Application: Quantifier scope ambiguities
Quantifier scope ambiguities have stood at the heart of linguistic inquiry for nearly as long as the enterprise has existed in its current form. reft:montague1973 builds the possibility for scope-shifting into the bones of his semantics. reft:may1977 proposes the rule of QR, which derives scope ambiguities syntactically. Either of these efforts ensures that when you combine quantifiers like every and all with other logical operators like negation, you get an ambiguous sentence; the ambiguities correspond to the relative scope of these operators within the logical form (LF) of the sentence (whence the name “scope ambiguities”).
- Every apple isn’t red.
- surface scope: ∀ > ¬; paraphrase: “none”
- inverse scope: ¬ > ∀; paraphrease: “not all”
Rather than modeling the relative scoping of operators directly in the semantic composition, we can capture the possible meanings of these sentences—and, crucially, the active reasoning of speakers and listeners about these possible meanings—by assuming that the meaning of the utterance is evaluated relative to a scope interpretation parameter (surface vs. inverse). The meaning function thus takes an utterance, a world state, and an interpretation parameter scope (i.e., which interpretation the ambiguous utterance receives); it returns a truth value.

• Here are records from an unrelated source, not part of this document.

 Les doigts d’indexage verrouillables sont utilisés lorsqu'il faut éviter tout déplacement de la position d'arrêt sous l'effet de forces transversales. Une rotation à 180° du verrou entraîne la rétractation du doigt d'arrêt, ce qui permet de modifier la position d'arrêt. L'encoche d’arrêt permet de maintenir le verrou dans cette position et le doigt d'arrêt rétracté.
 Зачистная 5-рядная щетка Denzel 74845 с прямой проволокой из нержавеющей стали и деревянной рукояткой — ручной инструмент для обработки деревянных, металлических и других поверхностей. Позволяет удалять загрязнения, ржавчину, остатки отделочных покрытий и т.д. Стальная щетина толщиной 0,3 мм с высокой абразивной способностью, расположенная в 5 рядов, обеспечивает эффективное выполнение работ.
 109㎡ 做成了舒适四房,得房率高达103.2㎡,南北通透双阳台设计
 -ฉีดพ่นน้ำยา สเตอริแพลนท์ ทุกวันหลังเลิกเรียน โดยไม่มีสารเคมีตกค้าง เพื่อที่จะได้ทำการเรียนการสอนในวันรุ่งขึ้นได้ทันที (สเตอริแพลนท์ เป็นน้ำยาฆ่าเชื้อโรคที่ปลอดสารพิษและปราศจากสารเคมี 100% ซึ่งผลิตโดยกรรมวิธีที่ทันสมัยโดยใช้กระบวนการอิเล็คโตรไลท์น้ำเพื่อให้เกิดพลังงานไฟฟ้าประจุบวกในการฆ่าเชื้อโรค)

from memo import memo, domain
import jax
import jax.numpy as jnp
from enum import IntEnum
State = jnp.arange(4)
class U(IntEnum):
NULL = 0
EVERYNOT = 1
class Scope(IntEnum):
SURFACE = 0
INVERSE = 1
@jax.jit
def meaning(u, state, scope):
return jnp.array([
[1, 1],
[state == 0, state < 3]
])[u][scope]
@memo
def L0[_u: U, _scope: Scope, _state: State]():
listener: knows(_u, _scope)
listener: chooses(state in State, wpp=meaning(_u, state, _scope))
return Pr[listener.state == _state] + 1e-100
@memo
def S1[_state: State, _scope: Scope, _u: U](alpha):
speaker: knows(_state, _scope)
speaker: chooses(u in U, wpp=exp(alpha * (log(L0[u, _scope, _state]()) - 1)))

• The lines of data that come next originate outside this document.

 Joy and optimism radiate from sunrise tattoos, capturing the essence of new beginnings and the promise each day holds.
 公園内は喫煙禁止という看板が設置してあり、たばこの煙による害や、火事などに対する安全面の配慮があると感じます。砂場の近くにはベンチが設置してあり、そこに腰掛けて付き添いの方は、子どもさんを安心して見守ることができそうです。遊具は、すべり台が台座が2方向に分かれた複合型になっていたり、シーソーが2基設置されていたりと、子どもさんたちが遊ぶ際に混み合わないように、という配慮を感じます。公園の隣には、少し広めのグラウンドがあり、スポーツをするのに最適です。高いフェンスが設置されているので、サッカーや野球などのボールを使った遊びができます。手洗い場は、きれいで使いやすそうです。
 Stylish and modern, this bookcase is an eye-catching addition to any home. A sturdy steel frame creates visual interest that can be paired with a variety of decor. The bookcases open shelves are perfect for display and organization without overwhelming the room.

return Pr[speaker.u == _u]
@memo
def L1[_u: U, _scope: Scope, _state: State](alpha):
listener: knows(_state, _scope)
listener: thinks[
speaker: given(state in State, wpp=1),
speaker: given(scope in Scope, wpp=1),
speaker: chooses(u in U, wpp=S1[state, scope, u](alpha))
]
listener: observes [speaker.u] is _u
return listener[Pr[speaker.state == _state, speaker.scope == _scope]]
posterior = L1(1)[U.EVERYNOT,:,:]
print(posterior)
The literal listener \(L_0\) has prior uncertainty about the true state, s, and otherwise updates beliefs about s by conditioning on the meaning of u together with the intended scope. The interpretation variable (scope) is lifted, so that it will be actively reasoned about by the pragmatic listener. The pragmatic listener resolves the interpretation of an ambiguous utterance (determining what the speaker likely intended) while inferring the true state of the world.
Exercises:
- The pragmatic listener believes the
inverseinterpretation is more likely. Why?- Add some more utterances and check what happens to the interpretation of the ambiguous utterance.

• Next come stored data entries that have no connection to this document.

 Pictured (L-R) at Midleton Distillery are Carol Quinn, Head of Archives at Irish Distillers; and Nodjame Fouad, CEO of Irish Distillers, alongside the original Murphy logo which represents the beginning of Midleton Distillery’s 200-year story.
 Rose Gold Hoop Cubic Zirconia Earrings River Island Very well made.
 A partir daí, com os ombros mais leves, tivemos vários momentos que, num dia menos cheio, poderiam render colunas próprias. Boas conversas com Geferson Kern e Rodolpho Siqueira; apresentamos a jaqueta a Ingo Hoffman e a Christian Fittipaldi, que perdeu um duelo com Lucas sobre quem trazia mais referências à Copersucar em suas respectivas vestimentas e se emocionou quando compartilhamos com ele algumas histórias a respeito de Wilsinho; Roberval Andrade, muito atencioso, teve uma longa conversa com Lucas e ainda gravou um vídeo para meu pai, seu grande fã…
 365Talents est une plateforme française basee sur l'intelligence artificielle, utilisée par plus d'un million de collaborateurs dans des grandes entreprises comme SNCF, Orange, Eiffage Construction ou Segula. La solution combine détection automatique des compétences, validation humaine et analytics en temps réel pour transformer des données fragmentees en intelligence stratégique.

As in the non-literal language models from the previous chapter, here we can add uncertainty about the topic of conversation, or QUD. This move recognizes that “Every apple isn’t red” might be used to answer various questions. The listener might be interested to learn how many apples are red, or whether all of the apples are red, or whether none of them are, etc. Each question corresponds to a unique QUD; it’s up to \(L_1\) to decide which QUD is most likely given the utterance.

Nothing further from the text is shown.